*** The data ***
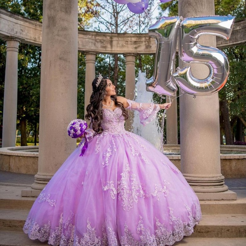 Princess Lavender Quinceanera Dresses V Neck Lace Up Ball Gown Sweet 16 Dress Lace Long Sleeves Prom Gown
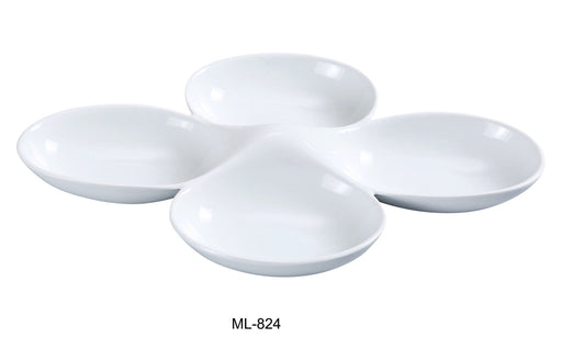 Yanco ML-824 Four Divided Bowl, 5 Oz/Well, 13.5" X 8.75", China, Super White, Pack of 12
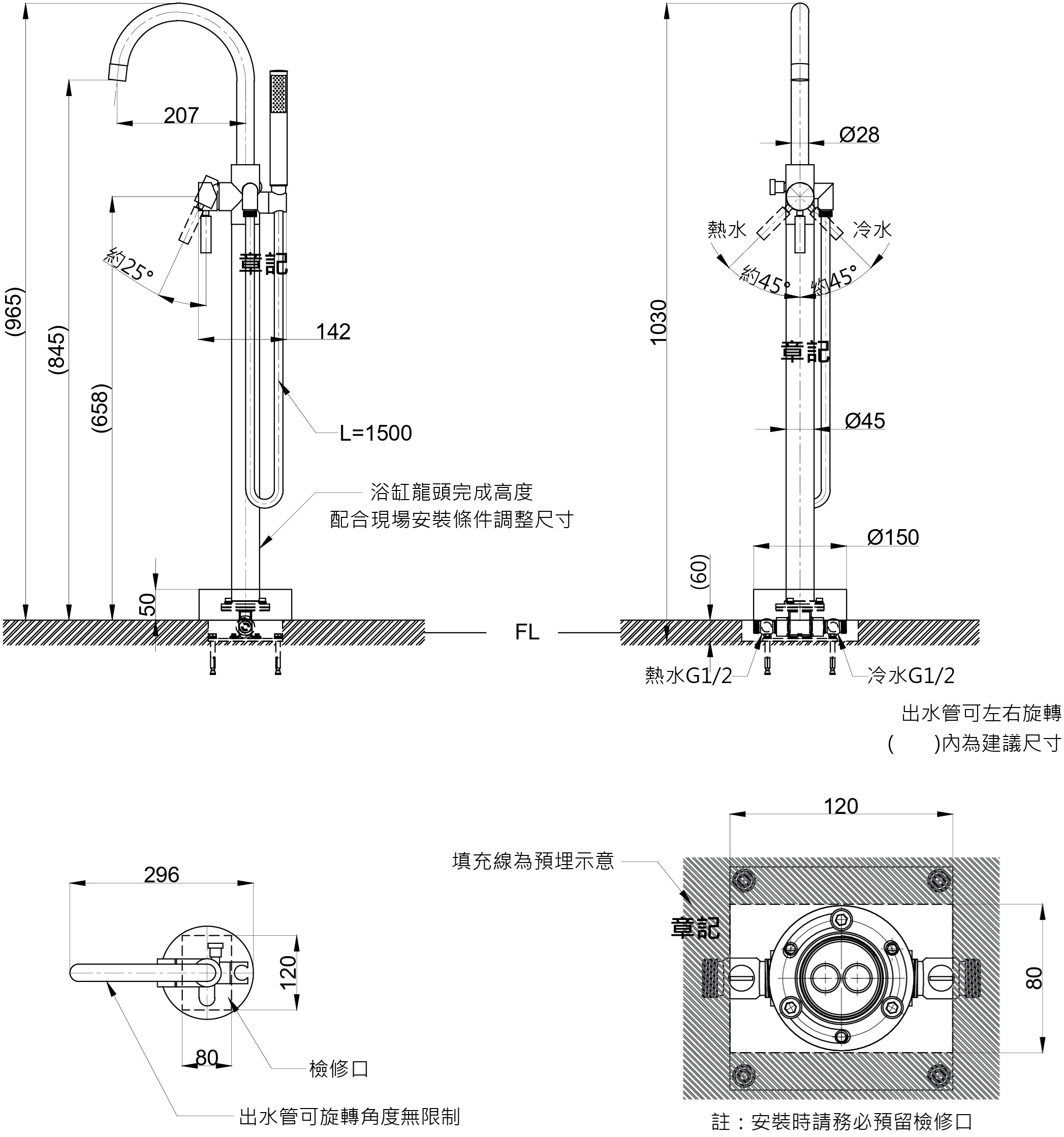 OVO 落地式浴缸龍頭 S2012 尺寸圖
*** End of The data ***
The problem: Transcribe the data verbatim. No picture belongs in the result.

Written response:
 Princess Lavender Quinceanera Dresses V Neck Lace Up Ball Gown Sweet 16 Dress Lace Long Sleeves Prom Gown
 Yanco ML-824 Four Divided Bowl, 5 Oz/Well, 13.5" X 8.75", China, Super White, Pack of 12
 OVO 落地式浴缸龍頭 S2012 尺寸圖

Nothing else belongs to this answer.